Significant residual disparities in glycemic control persist even in the fully adjusted model, and the full model explains less than a quarter of the variance in HbA1c levels. Potentially important unexplored mechanisms are genetic and other possible physiologic factors, such as stress,3 measures of treatment intensity that include actual antihyperglycemic medication dosages, and environmental variables.6 Whereas current research suggests suboptimal treatment intensification in diabetic patients of all ethnicities,4,45 further research should explore potential race-specific differences in provider intensification of antihyperglycemic treatment or patient acceptance of more intensive treatment. The different patterns of disparities in glycemic control we found in the age-stratified analyses, with significantly greater racial/ethnic disparities in respondents younger than 65 years, raise additional questions that warrant further exploration.
The hypothesized mechanisms examined in this study only partially explained the significant racial/ethnic disparities in glycemic control occurring in these middle-aged and older Americans. However, the significant independent effect of medication adherence, and to a lesser extent of diabetes care self-efficacy and diabetes-specific emotional distress, reinforces the importance of these modifiable self-management attitudes and behaviors for glycemic control. In light of the lower rates of medication adherence in black respondents and of worse diabetes-specific emotional distress in Latinos, these findings provide useful insights for designing interventions to improve glycemic control in ethnic/racial minority groups. Such interventions should seek to understand and address the multiple barriers to medication adherence, enhance self-efficacy, and address sources of diabetes-related emotional distress. For example, it is important to identify barriers to medications adherence that minority patients face, exploring possible factors such as less effective communication and education on medications from providers,46 more external obstacles to adherence (eg, competing demands, lack of prescription drug coverage, and high out-of-pocket prescription medication costs),47-49 and possible differences in attitudes affecting medication use, such as confidence in the effectiveness of medications50 or trust in health care providers.51 Well-designed interventions seeking to enhance patients' diabetes self-management and reduce diabetes-specific emotional distress will further help elucidate the pathways contributing to racial/ethnic disparities in diabetes outcomes.

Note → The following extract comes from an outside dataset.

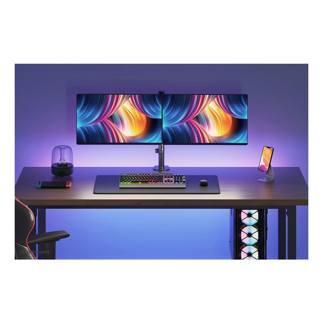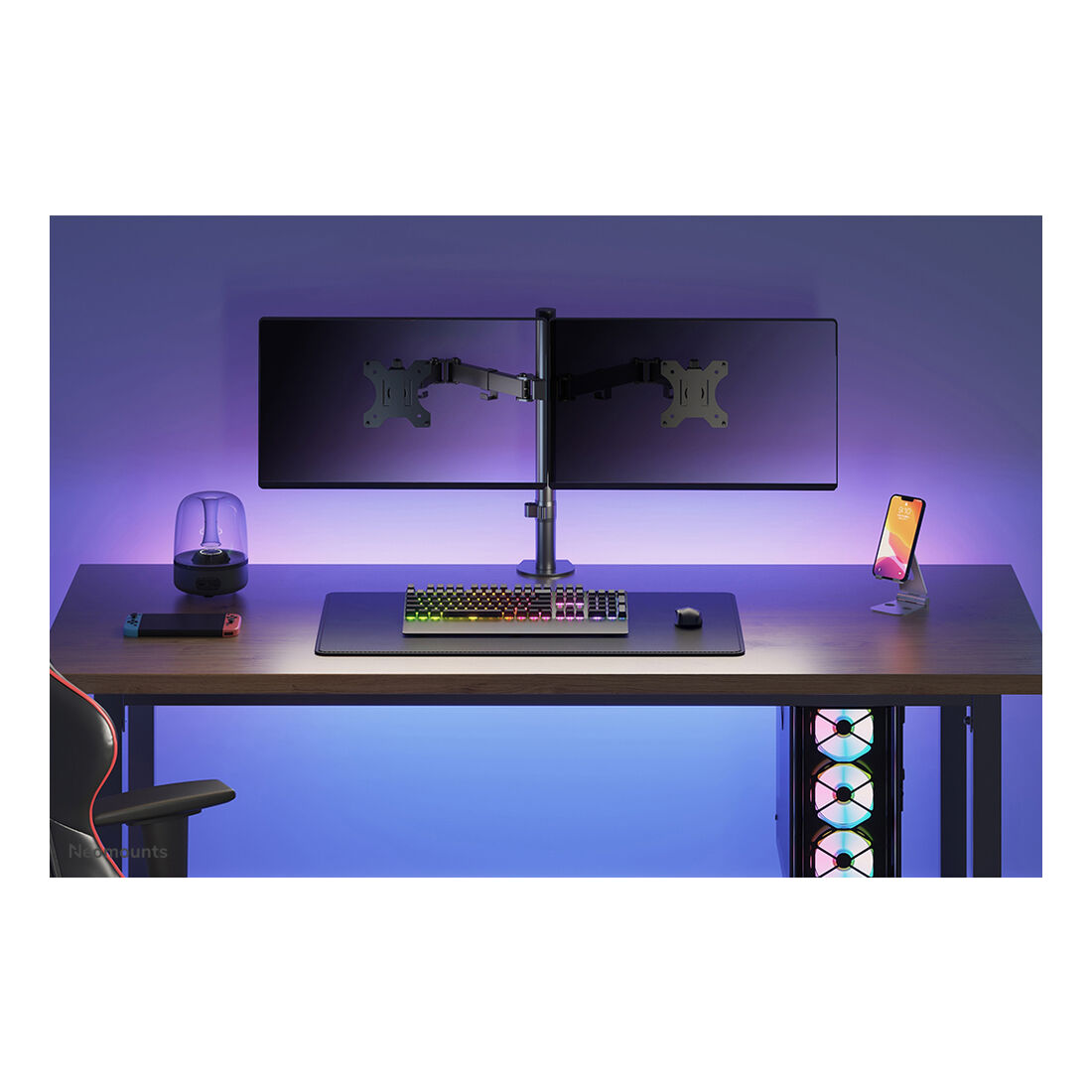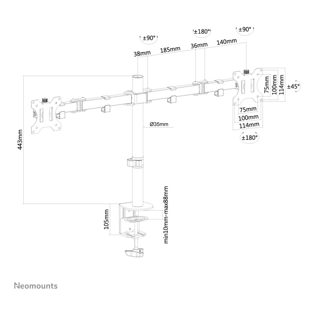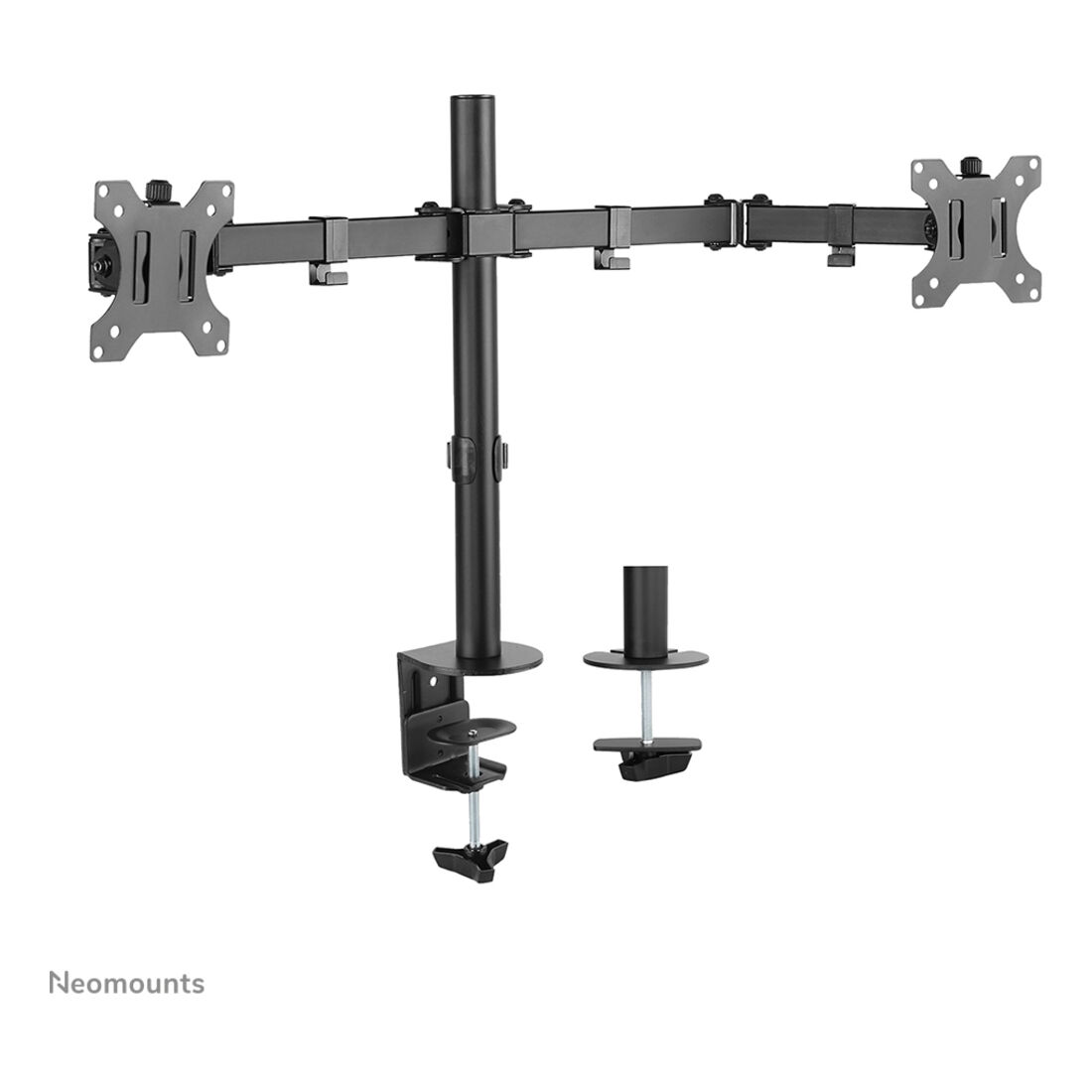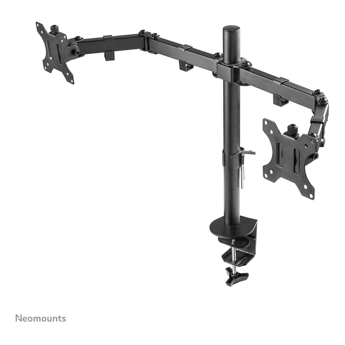 Neomounts FPMA-D550DBLACK Braccio per monitor 10-32″. Montaggio: Morsetto/occhiello, Capienza minima dimensioni dello schermo: 25,4 cm (10″), Capienza massima dimensioni dello schermo: 81,3 cm (32″), Compatibilità interfaccia di montaggio (min): 75 x 75 mm, Compatibilità interfaccia di montaggio (max): 100 x 100 mm. Regolazione altezza, Inclinazione: 0 – 90°. Colore del prodotto: Nero
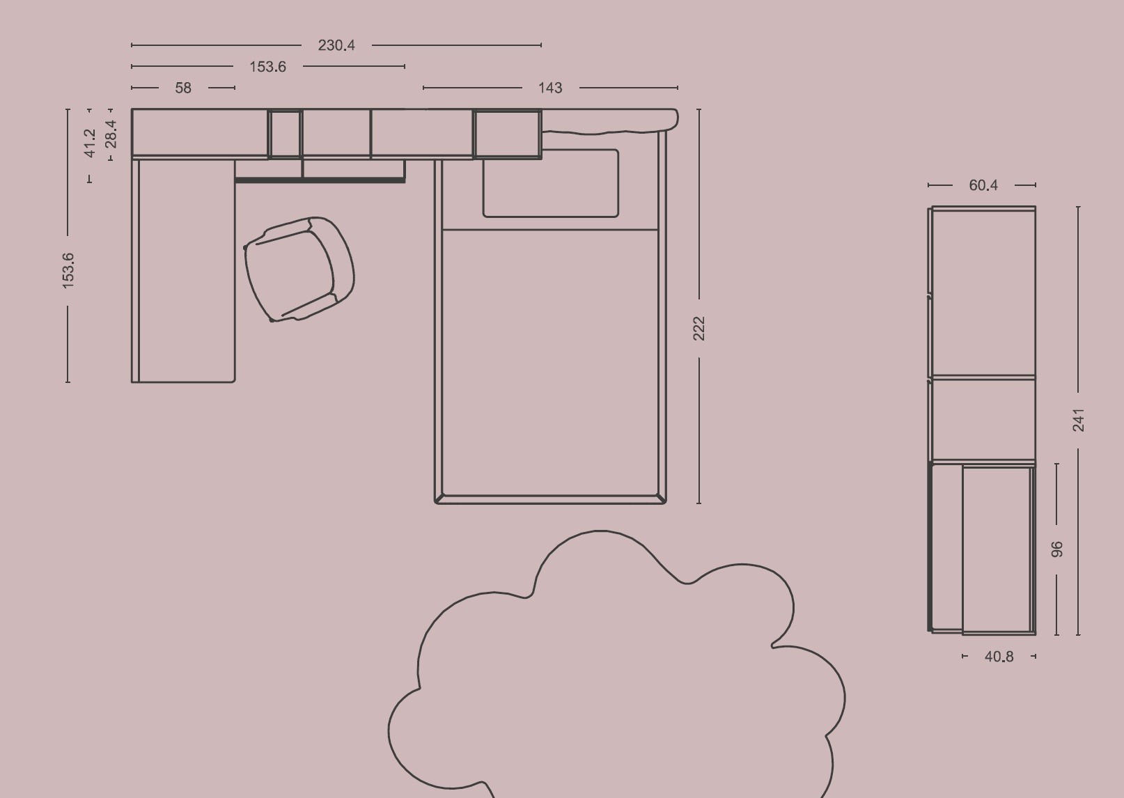 Ce lit ado au design contemporain s’accompagne de rangements et d'un bureau suspendu qui structurent l’espace tout en apportant une esthétique moderne et légère. Idéal pour une chambre d’adolescent, il allie fonctionnalité, style et optimisation de l’espace.

Several limitations of this study should be highlighted. All independent variables were based on respondents' self-report and thus may be subject to specification problems and, especially for the adherence measures, social desirability bias. There is no evidence to suggest, however, that different racial/ethnic groups are more susceptible to such bias than others. Moreover, the insurance measures are not sensitive to detecting differences in the extent of insurance to ascertain underinsurance, which is more prevalent in racial/ethnic minorities. Second, the present study was cross-sectional and thus can only suggest associations and not causality. Finally, respondents were significantly more likely to have higher incomes and more education, to be white, and to report better health than nonrespondents. Thus, although we included weights for nonresponse, respondents at greater risk for worse diabetes severity were less likely to participate in this study, and only 52.5% of the sampled population returned their HbA1c kits.
In conclusion, black and Latino adults taking diabetes medications had worse glycemic control than their white counterparts in this national sample of older Americans. Key self-management attitudes and behaviors exerted a more significant independent effect on glycemic control than sociodemographic and health care quality and access variables. These findings suggest useful targets for interventions seeking to reduce racial/ethnic disparities and to improve overall diabetes outcomes. However, this extensive set of socioeconomic, clinical, health care, and self-management measures still explained only a small portion of the racial/ethnic disparities in glycemic control. The major contributors to these large and recalcitrant disparities in glycemic control remain elusive.
Correspondence: Michele Heisler, MD, MPA, Veterans Affairs Health Services Research and Development Service, PO Box 130170, 11H, Ann Arbor, MI 48113-0170 (mheisler@umich.edu).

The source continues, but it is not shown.